My sisters lab was night and day. He looked great on innova, but it was too rich for him. Anal gland problems. Then we switched him to california natural and that issue cleared up within a few days. His glossy black coat became dull. I recently convinced her to try TOTW. She called me up and couldn't believe the difference in just a few days. Glossy coat is back:smile: I'm sure every dog is different, but this is one case where we saw instant results.


----------



## SamWu1 (Oct 15, 2010)

I saw little to no differences between kibbles, NB, EVO, Orijen, Blue, etc. Raw washen I saw significant differences. I'm sure if it was SD, Purina, IAMS, Eukanuba, etc. compared to a good product, the results would be more apparent.


----------



## SaltyDog (Mar 10, 2010)

I was very dissatisfied with Wellness Super 5. The itching was outta control and it was so low on calories, all they wanted to do was nap.


One of my dogs could not handle Orijen 6 Fish at all. Almost every time, she'd throw up. The other one ate it just fine, but got the squirts from it....:biggrin:.

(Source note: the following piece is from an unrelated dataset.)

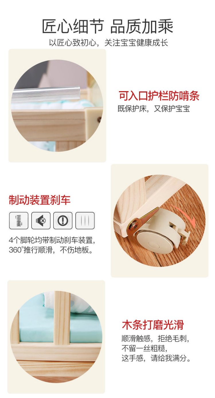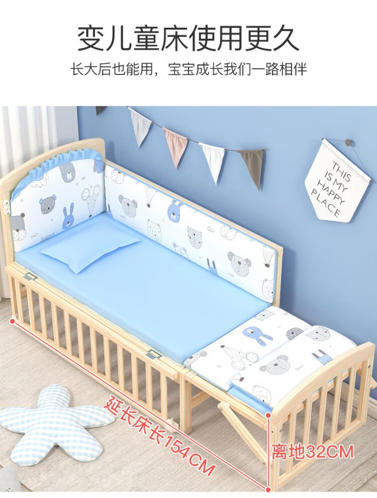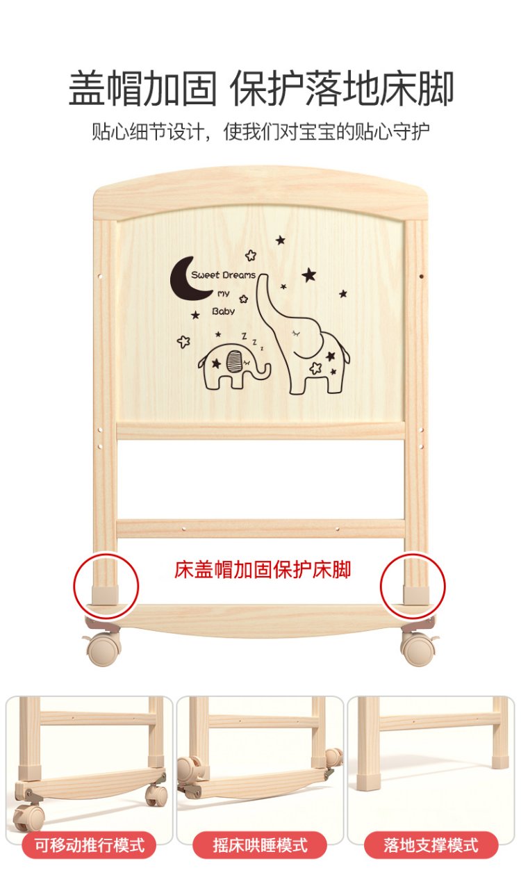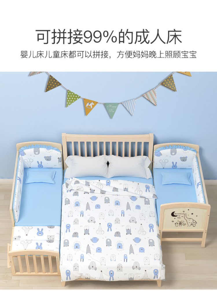 ANGI BABY crib solid wood paintless multi-functional baby bb with changing table removable rocker extended children's bed
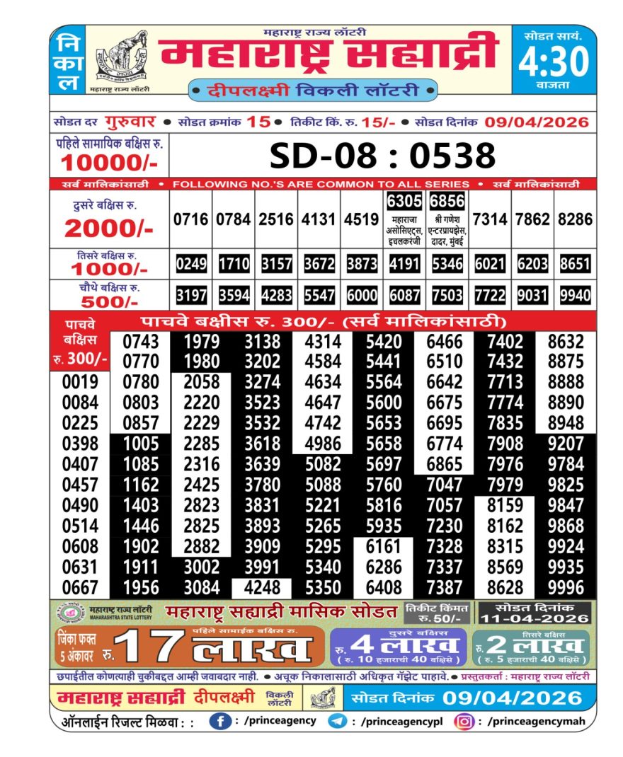Maharashtra Sahyadri Weekly Lottery Result 09/04/26 09/04/26 Leave a Comment on Maharashtra Sahyadri Weekly Lottery Result 09/04/26 Share: XFacebookPinterestRedditVKDiggLinkedinMix Related Articles 0 240 Maharashtra Sahyadri Weekly Lottery Result 31/12/25 0 244 Maharashtra Sahyadri Weekly Lottery Result 19/09/25 0 167 Maharashtra Sahyadri Lottery Result 3/3/25 0 277 Maharashtra Mohini Lottery Result 05/10/25

I found with both of my dogs....for some very odd reason....that they both did better, functioned better and looked better on Orijen Large Breed Puppy over Orijen Adult. Doesn't make any sense 

The very best kibbles I've fed are hands down Evo Chicken/Turkey, Evo Red, Orijen LBP, and Canine Caviar Chicken. 








.


----------



## cprcheetah (Jul 14, 2010)

While not a 'high' quality food, I will never feed Avoderm products again, a few years back I fed it to my Standard Poodle, Cassie who got nutritional cataracts (confirmed by a doggie eye doctor) while on that food, we switched her to something else and the cataracts went away.


----------



## Jack Monzon (Jul 25, 2010)

My dog hated Nature's Variety Instinct and Prairie, and his stools weren't great, especially on Instinct. He was also itching terribly all the time. I switched to California Natural and he loves it, his crap is perfect, and he's not itching nearly as much anymore. That said, it could be a seasonal-allergy coincidence, as it's just started getting cold here in NY. But there's no doubt that he likes eating CN way more than the NV products. I tried a few different flavors of NV, too.


----------



## josh83 (Oct 24, 2010)

My dog use to be on Nutro and she would be vomiting all the time. I switched her to Orijen and she is doing great now. No more Vomiting.


----------



## chocolatelabguy (Nov 17, 2009)

We saw a huge difference in our lab when switching from Scince Diet to Chicken Soup. We saw a much smaller improvement, but improvement nonetheless, when we switched from Chicken Soup to TOTW. 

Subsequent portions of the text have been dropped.